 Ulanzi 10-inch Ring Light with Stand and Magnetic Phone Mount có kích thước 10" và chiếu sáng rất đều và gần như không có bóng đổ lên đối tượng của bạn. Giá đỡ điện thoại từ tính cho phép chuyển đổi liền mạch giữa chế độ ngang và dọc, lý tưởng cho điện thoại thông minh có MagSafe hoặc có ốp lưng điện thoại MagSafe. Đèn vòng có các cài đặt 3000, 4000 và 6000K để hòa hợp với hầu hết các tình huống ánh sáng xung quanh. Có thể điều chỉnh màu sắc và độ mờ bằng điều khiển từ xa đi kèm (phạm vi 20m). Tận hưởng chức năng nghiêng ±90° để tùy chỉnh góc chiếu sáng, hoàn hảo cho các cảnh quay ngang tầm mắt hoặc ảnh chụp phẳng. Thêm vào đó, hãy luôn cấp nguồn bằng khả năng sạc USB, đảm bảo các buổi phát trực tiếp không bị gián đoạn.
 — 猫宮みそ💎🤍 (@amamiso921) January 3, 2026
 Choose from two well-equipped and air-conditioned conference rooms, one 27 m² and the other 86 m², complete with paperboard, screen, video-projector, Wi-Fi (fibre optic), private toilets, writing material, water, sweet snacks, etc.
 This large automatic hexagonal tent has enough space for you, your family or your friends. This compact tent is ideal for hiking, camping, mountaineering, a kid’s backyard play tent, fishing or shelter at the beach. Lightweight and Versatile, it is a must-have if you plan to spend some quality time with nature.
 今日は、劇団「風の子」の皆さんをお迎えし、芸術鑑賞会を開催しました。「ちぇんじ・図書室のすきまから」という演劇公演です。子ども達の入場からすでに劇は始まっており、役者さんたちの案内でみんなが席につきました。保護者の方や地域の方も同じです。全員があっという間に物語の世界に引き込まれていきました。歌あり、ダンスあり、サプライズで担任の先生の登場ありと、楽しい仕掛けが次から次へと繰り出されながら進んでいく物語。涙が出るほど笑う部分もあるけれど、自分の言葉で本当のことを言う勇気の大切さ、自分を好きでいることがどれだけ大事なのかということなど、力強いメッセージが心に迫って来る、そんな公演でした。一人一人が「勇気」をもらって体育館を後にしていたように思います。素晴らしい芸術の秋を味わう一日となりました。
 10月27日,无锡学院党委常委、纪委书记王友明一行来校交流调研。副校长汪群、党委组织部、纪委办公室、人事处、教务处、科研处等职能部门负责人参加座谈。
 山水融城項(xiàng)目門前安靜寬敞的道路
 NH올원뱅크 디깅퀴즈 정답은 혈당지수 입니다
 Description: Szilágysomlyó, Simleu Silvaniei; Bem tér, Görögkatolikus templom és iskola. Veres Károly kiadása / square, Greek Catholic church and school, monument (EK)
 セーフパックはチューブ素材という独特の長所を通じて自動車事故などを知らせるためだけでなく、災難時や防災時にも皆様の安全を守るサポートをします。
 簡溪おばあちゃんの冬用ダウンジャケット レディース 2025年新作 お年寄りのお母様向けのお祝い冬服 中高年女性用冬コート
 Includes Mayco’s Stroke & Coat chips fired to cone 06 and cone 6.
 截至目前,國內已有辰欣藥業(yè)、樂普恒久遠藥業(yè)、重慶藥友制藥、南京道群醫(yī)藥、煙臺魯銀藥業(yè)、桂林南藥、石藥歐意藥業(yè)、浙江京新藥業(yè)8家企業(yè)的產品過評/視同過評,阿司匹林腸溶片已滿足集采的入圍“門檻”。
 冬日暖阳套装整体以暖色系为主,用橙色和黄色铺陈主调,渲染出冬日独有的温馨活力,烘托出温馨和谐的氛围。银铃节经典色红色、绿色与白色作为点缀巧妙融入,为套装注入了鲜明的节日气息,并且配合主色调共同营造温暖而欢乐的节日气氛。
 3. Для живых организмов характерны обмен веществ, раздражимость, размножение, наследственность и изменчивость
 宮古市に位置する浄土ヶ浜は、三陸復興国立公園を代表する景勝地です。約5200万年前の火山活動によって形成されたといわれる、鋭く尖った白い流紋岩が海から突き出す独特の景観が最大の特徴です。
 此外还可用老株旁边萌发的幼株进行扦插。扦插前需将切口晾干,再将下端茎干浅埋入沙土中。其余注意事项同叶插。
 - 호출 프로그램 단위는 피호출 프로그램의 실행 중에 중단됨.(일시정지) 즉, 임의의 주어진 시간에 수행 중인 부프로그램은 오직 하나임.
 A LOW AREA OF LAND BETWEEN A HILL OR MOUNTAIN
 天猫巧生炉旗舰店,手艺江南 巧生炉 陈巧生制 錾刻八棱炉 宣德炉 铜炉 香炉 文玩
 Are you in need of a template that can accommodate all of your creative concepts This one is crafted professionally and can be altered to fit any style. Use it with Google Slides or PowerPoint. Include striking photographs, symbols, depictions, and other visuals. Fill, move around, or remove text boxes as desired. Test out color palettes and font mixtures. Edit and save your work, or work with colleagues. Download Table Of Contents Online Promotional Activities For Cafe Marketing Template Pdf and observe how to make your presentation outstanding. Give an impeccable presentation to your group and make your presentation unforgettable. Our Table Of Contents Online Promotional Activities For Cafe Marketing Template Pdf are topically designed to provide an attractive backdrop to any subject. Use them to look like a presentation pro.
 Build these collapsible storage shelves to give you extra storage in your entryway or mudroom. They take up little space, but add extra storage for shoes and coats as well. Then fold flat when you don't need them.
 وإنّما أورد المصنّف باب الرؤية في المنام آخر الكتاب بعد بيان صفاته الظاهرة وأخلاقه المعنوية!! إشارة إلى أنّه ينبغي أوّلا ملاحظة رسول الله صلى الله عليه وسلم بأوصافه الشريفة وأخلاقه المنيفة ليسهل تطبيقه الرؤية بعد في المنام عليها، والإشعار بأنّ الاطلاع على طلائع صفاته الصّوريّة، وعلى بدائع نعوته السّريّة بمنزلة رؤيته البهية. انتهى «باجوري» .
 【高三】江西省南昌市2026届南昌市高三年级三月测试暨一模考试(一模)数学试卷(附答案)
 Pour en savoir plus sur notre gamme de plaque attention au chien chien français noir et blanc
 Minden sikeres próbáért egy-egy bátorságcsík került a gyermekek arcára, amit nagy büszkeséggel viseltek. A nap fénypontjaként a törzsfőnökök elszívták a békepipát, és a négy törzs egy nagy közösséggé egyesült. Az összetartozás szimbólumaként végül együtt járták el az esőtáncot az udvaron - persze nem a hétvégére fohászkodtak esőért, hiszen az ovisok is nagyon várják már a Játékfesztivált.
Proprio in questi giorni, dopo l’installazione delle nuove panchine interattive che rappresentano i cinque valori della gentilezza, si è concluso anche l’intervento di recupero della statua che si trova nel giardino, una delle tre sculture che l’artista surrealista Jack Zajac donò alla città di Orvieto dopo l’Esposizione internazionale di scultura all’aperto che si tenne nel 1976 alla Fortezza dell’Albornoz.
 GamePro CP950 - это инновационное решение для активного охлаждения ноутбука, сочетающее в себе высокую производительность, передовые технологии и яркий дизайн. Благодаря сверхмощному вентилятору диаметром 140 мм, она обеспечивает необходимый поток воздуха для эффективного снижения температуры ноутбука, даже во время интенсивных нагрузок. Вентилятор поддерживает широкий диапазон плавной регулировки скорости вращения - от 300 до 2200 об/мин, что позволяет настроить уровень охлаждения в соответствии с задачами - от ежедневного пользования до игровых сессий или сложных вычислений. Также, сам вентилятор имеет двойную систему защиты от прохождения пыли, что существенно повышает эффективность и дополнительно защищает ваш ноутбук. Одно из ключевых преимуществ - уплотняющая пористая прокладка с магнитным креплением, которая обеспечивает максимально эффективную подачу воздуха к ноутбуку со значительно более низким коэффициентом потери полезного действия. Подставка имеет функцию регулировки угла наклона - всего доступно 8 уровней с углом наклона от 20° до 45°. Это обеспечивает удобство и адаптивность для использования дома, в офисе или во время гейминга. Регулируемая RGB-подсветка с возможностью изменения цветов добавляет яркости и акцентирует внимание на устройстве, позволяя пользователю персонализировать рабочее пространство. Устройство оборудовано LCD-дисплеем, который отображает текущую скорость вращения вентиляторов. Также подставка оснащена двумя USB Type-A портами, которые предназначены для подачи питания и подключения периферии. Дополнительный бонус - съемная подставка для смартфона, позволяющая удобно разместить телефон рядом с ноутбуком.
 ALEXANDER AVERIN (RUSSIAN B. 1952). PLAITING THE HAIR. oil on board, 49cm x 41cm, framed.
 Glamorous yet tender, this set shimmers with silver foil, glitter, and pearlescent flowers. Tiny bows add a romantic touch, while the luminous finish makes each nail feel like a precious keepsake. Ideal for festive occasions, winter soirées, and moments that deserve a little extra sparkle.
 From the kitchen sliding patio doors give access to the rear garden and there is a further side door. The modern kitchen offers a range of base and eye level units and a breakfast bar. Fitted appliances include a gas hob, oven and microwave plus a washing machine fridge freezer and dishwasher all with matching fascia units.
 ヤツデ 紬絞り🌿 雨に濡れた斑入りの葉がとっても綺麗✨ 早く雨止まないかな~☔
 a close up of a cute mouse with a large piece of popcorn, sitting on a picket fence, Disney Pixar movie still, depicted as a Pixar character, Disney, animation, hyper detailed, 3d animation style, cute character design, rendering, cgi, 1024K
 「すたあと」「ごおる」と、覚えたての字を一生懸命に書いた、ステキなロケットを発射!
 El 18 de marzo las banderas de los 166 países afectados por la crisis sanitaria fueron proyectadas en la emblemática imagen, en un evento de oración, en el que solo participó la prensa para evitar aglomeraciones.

● ● ● ● ● ● ●

- **Task directions**
In the entries above, the lines from the one bearing "Minden sikeres próbáért" up to and including the one bearing "Proprio in questi" should be transcribed exactly; no other line is wanted.

- **Response area**
 Minden sikeres próbáért egy-egy bátorságcsík került a gyermekek arcára, amit nagy büszkeséggel viseltek. A nap fénypontjaként a törzsfőnökök elszívták a békepipát, és a négy törzs egy nagy közösséggé egyesült. Az összetartozás szimbólumaként végül együtt járták el az esőtáncot az udvaron - persze nem a hétvégére fohászkodtak esőért, hiszen az ovisok is nagyon várják már a Játékfesztivált.
Proprio in questi giorni, dopo l’installazione delle nuove panchine interattive che rappresentano i cinque valori della gentilezza, si è concluso anche l’intervento di recupero della statua che si trova nel giardino, una delle tre sculture che l’artista surrealista Jack Zajac donò alla città di Orvieto dopo l’Esposizione internazionale di scultura all’aperto che si tenne nel 1976 alla Fortezza dell’Albornoz.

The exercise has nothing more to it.